Source material:
——
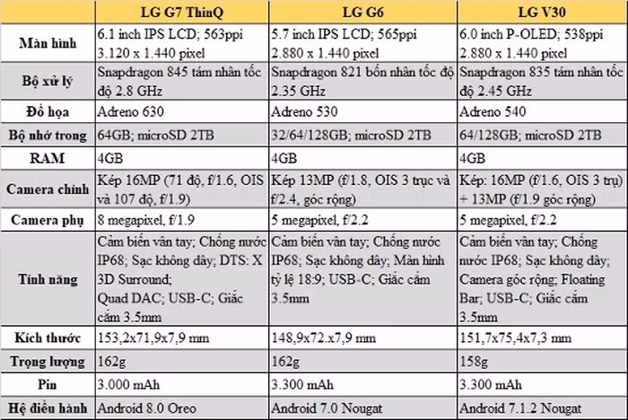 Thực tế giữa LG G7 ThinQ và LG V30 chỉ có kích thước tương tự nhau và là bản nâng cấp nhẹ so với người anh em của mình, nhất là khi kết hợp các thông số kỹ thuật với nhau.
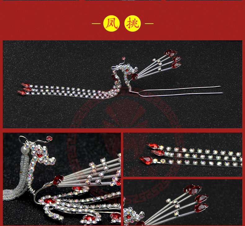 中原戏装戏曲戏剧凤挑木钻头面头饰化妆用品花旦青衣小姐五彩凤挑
——
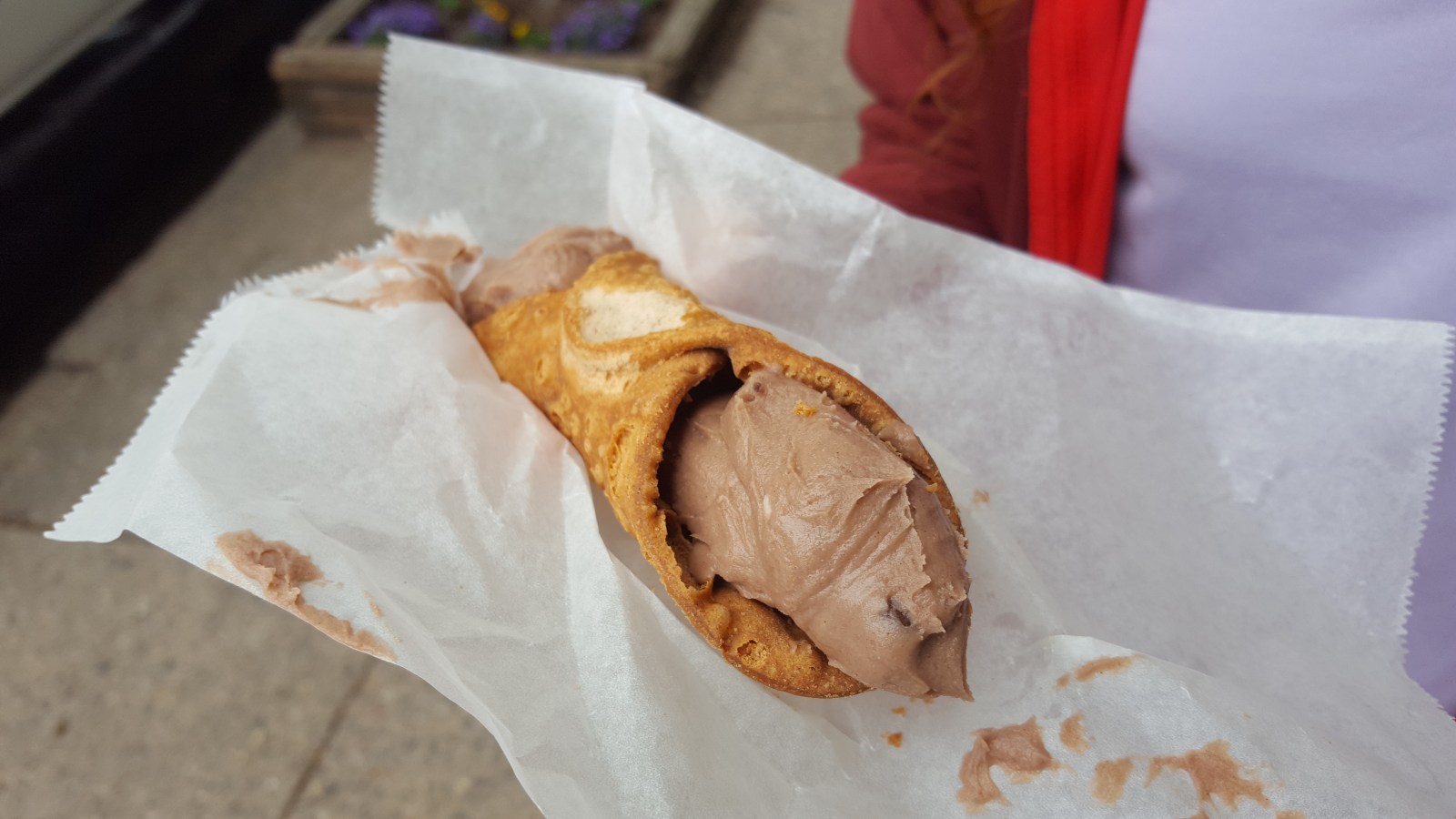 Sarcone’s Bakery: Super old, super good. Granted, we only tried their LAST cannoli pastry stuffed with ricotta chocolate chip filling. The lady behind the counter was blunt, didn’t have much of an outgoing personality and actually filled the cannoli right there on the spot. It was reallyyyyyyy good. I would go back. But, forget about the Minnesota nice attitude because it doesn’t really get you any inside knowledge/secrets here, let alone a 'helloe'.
——
Prompt: Nothing but the lines from the one containing "Thực tế giữa" through the one containing "中原戏装戏曲戏剧凤挑木钻头面头饰化妆用品花旦青衣小姐五彩凤挑" should appear, copied exactly from the material above and without pictures.

Written answer:
 Thực tế giữa LG G7 ThinQ và LG V30 chỉ có kích thước tương tự nhau và là bản nâng cấp nhẹ so với người anh em của mình, nhất là khi kết hợp các thông số kỹ thuật với nhau.
 中原戏装戏曲戏剧凤挑木钻头面头饰化妆用品花旦青衣小姐五彩凤挑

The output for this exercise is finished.